ミラ・カザレフは、そんなコロニーで働く宇宙探査官だ。地球圏での学問的キャリアを捨て、現場で未知を解明しようと外宇宙へ飛び出した彼女にとって、この場所は「前線基地」と呼ぶべき戦場だった。戦う相手は生命ではなく、空虚な宇宙の秘密や、時折顔を出す説明不能な現象たち。彼女はその最前線で、日々メンテナンスや調査に忙殺されている。
この日もミラはコロニー外縁部でメンテナンスドローンの調整を終え、内部整備区画へ戻ってきた。スーツを脱ぎ、保管ラックへ収める。身体にはほのかな汗が滲むが、作業自体は予定通り。問題があるとすれば、最近頻発する軽微なトラブルだった。
通信が妙に遅れることが増えた。ごく短い時間、端末反応が鈍る。ドローンが予定より数秒単位で不自然な挙動を見せる。計器ログには、ほんの小さな欠損が散見される。単体で見れば微々たる瑕疵だが、積み重なれば何らかの異常を示唆しているかもしれない。
ミラはアークワンという腕装着型端末を操作し、ドローンD-17の整備ログをチェックする。通常なら整然と並んでいる時系列データに、小さな「穴」が開いている。さっき整備した際には気づかなかったが、ほんの数分前のデータに断片的な空白がある。ありふれた機器故障かもしれないが、彼女の勘が「ただの故障じゃない」と告げる。
「クラウディア、D-17の直近ログ異常を分析して」とミラはAIに問い合わせる。
アークワンの画面に、アレオーン中枢AI“クラウディア”からの応答を待つが、数秒の沈黙。ようやく出力されたのは断片的なステータスと中途半端なコード列で、明確な報告になっていない。
「通信障害かしら…」ミラは首をひねる。中枢AIがこんな曖昧なレスポンスを返すなんて珍しい。
外乱要因?磁気嵐はレポートされてないし、コロニー内部で妨害が?ミラは整備室を出る。薄暗い通路に足を踏み入れると、いつもと同じ空調音が響くはずなのに、微妙な圧迫感が空気中に漂っている気がした。

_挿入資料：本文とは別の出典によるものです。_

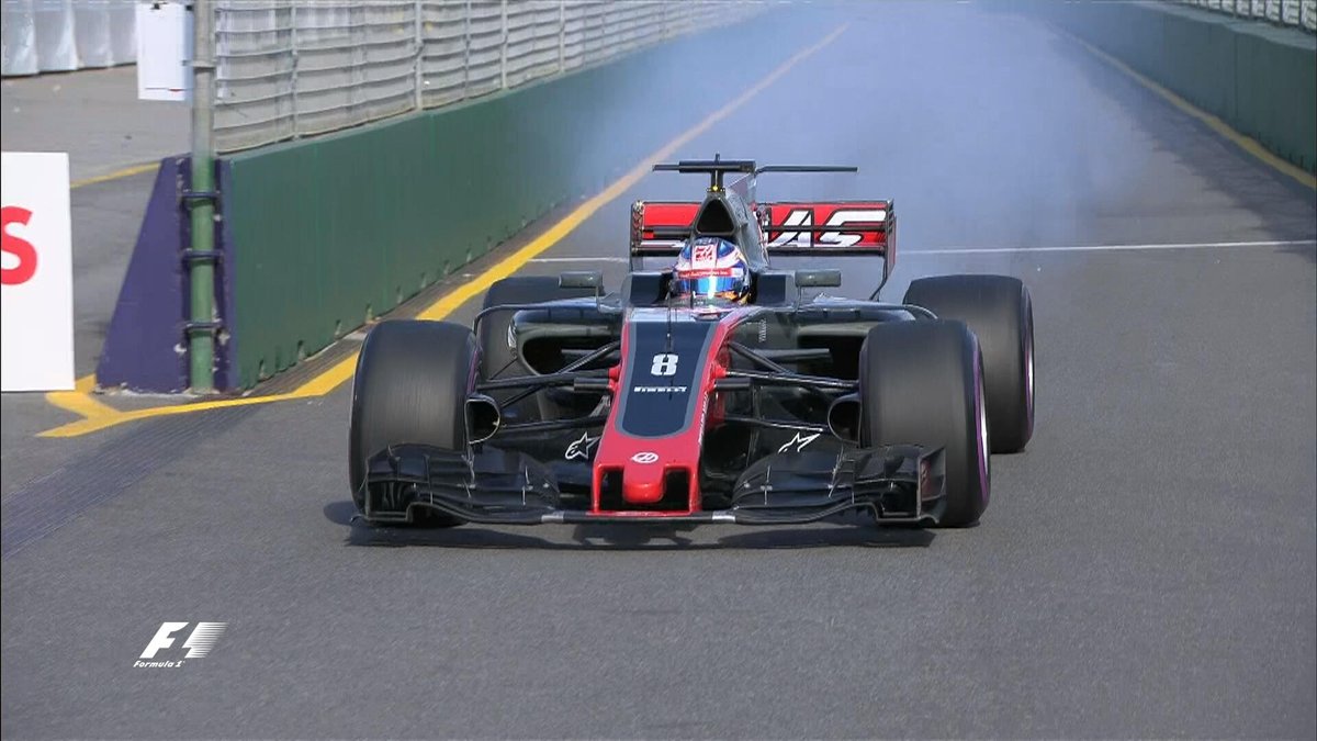 15-й круг. Грожан сворачивает в боксы с дымящимся двигателем. И сходит с дистанции. Что-то явно пошло не так.

廊下の照明が、わずかにトーンを落としている。パネル上では定格出力なのに、実際には光が灰色がかって見える。不審だが、直接害はない。ミラは規格上の正常値と実際の感覚のずれに苛立ちを覚えつつ、次のステップを考える。
「研究主任かセンサー担当に話を聞こう」
ミラは意を決し、コロニー中層にある研究区画へ向かう。そこには各種観測データを解析する端末や専門家がいて、異常の原因をつかめるかもしれない。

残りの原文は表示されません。